GPO Joins GitHub

Gil C/Shutterstock.com

The agency is trying to connect with a broader community of developers who might be doing their own analyses of federal documents.

The Government Publishing Office, which produces, disseminates and indexes official government documents including the federal budget request, can now be found on open-source code repository site GitHub. 

The agency is using GitHub to share with the public elements of the code supporting FDsys, GPO's document and data management system.
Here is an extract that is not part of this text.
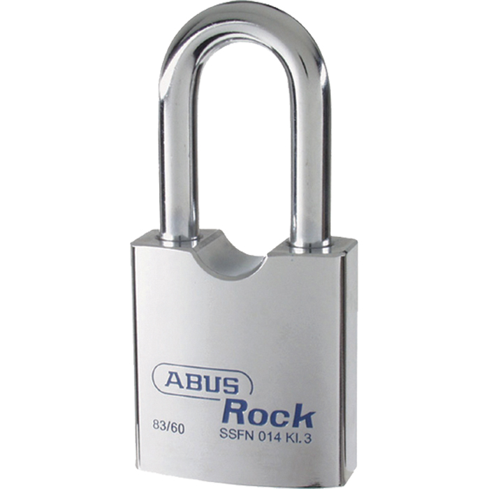 ABUS Rock 83/60 är ett av de kraftigaste hänglåsen på marknaden. Hänglåset är godkänt i klass 3 och har en speciell NanoProtect-ytbehandling, vilket gör att det inte korriderar. En stor fördel med samtliga hänglås i ABUS Rock 83/60-serien är att de låses med vanliga ovala låscylinder, vilket innebär att man kan få hänglåset med en låscylinder som passar till sina befintliga nycklar
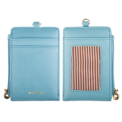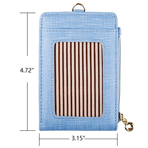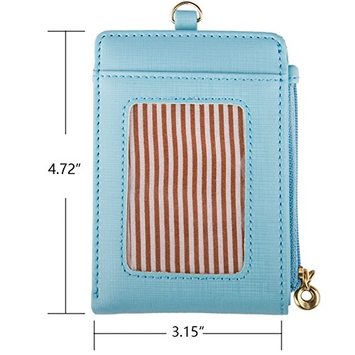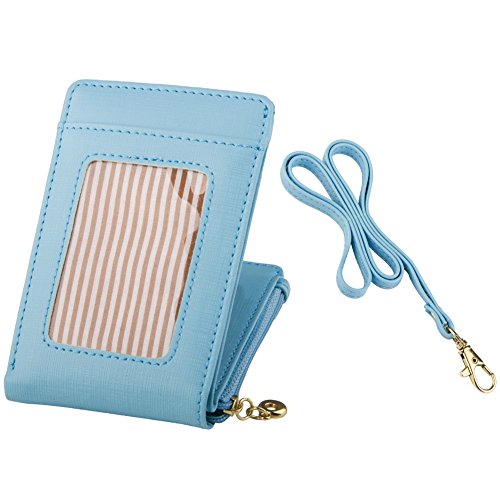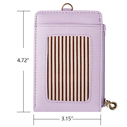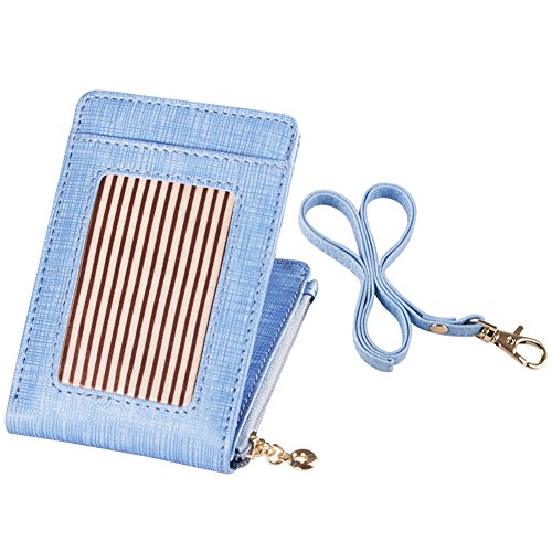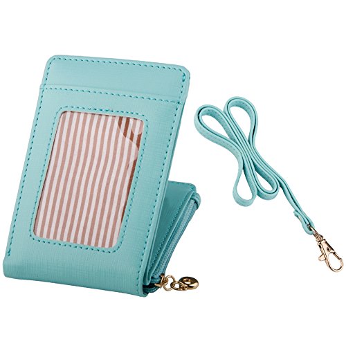 Product DescriptionSpecification: 100% Brand New Material: Faux Leather Holder Dimension:4.72"L x 3.15"W Lanyard Dimension:35.4"full round length Item Weight:0.22 pounds Structure: 1 ID window, 2 card holder,1 full length compartment for bills and coins Style: Sweet,Cute Package includes: 1 * card card holder Colors: Pink,Green,Purple,Royal Blue,White,Blue0

FDsys stores millions of documents that have been retrieved more than 1.4 billion times since January 2009, according to GPO.  

The agency, which months ago renamed itself the Government Publishing Office from the Government Printing Office to appear more digitally friendly, is trying to connect with a broader community of developers who might be doing their own analyses of federal documents, Lisa LaPlant, GPO's program manager for federal digital systems, told Nextgov.

For instance, some external users crawl GPO sites for subsets of information culled fromdocuments -- perhaps, regulations related to health care, or to the environment. Among GPO's repositories is the code for a link service, allowing developers to link to certain sections of a regulatory document. 

Another shows how certain expressions are used to pull metadata from documents about congressional hearings, LaPlant said. 

GPO's decision to join GitHub stems from the White House's May 2012 digital government strategy, encouraging agencies to participate in open-source communities. And the first few repositories are just the beginning, LaPlant said. 

"We don’t see this as a static account," she said. Gradually, the agency plans to grow the number of repositories and make more information available, she said -- "continuing to interact with the developer community."